Exercise: Each line below must be reproduced exactly as it stands. Pictures stay out of the copy.

Exercise data:
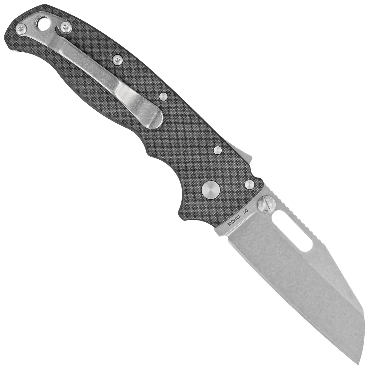 AD20.5 Shark Foot Carbon Fiber, Stonewashed D2, the result of years of work and experience of Andrew Demko, a long-time designer at Cold Steel. A compact folding knife that was designed for the toughest tasks.A real tool, characterized not only by its robustness and power, but also by its unique design.Ergonomic Handle, made of Carbon Fiber composite and Blade made of D2, a proven tool steel. One of the most important elements of the knife is its lock. Shark-Lock™ is an innovative mechanism that is considered one of the strongest in the world. Thanks to it, the knife is not only safe to use, but also gives you the confidence that it will stand up to even the toughest tasks. This is an exceptional example of a compact EDC (Every Day Carry) knife, an excellent choice for anyone looking for a reliable everyday tool.
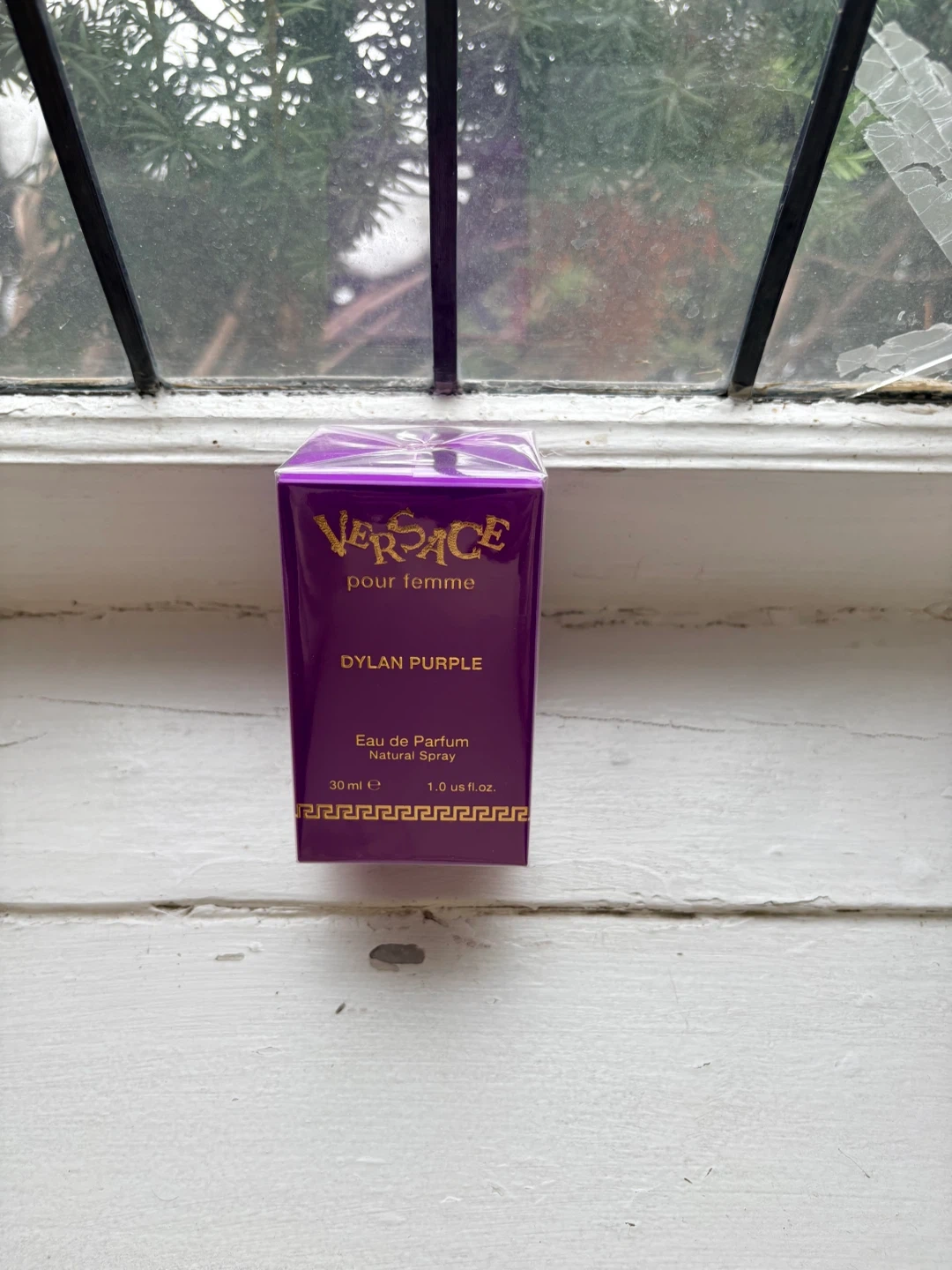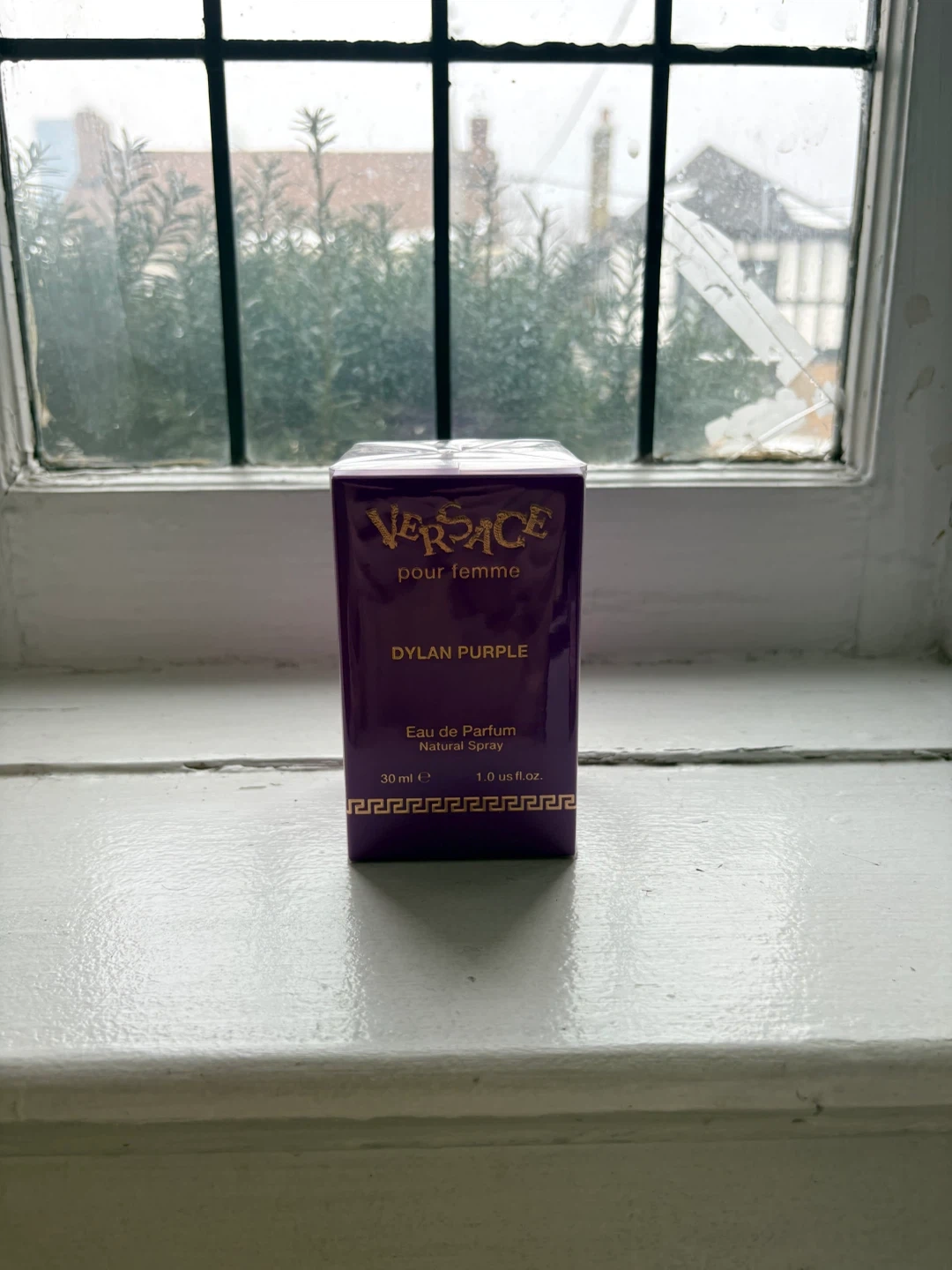 Versace - Pour Femme - Dylan Purple Eau de Parfum. 30ml bottle. This fragrance comes in its original box. All sealed. Original price: $104. On the website the product is described: “This fresh and fruity fragrance has an addictive opening, like a tribute to the iced delights of Italy and its iconic citrus fruits. Purple reflections and a delicate, scented breeze are a representation of a hypnotic sunset by the water.” Dylan Purple is a bright, modern, and elegant fruity-floral scent from Versace that blends juicy citrus notes with fragrant freesia and smooth woods. Its key notes are Bitter Orange Italy, Purple Freesia, and Cedarwood Virginia. Helping my aunt downsize for her move.
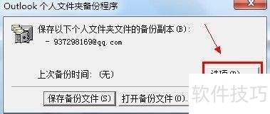 10、 弹出Outlook个人文件夹备份程序对话框,点击选项命令即可设置备份。

Task solution:
 AD20.5 Shark Foot Carbon Fiber, Stonewashed D2, the result of years of work and experience of Andrew Demko, a long-time designer at Cold Steel. A compact folding knife that was designed for the toughest tasks.A real tool, characterized not only by its robustness and power, but also by its unique design.Ergonomic Handle, made of Carbon Fiber composite and Blade made of D2, a proven tool steel. One of the most important elements of the knife is its lock. Shark-Lock™ is an innovative mechanism that is considered one of the strongest in the world. Thanks to it, the knife is not only safe to use, but also gives you the confidence that it will stand up to even the toughest tasks. This is an exceptional example of a compact EDC (Every Day Carry) knife, an excellent choice for anyone looking for a reliable everyday tool.
 Versace - Pour Femme - Dylan Purple Eau de Parfum. 30ml bottle. This fragrance comes in its original box. All sealed. Original price: $104. On the website the product is described: “This fresh and fruity fragrance has an addictive opening, like a tribute to the iced delights of Italy and its iconic citrus fruits. Purple reflections and a delicate, scented breeze are a representation of a hypnotic sunset by the water.” Dylan Purple is a bright, modern, and elegant fruity-floral scent from Versace that blends juicy citrus notes with fragrant freesia and smooth woods. Its key notes are Bitter Orange Italy, Purple Freesia, and Cedarwood Virginia. Helping my aunt downsize for her move.
 10、 弹出Outlook个人文件夹备份程序对话框,点击选项命令即可设置备份。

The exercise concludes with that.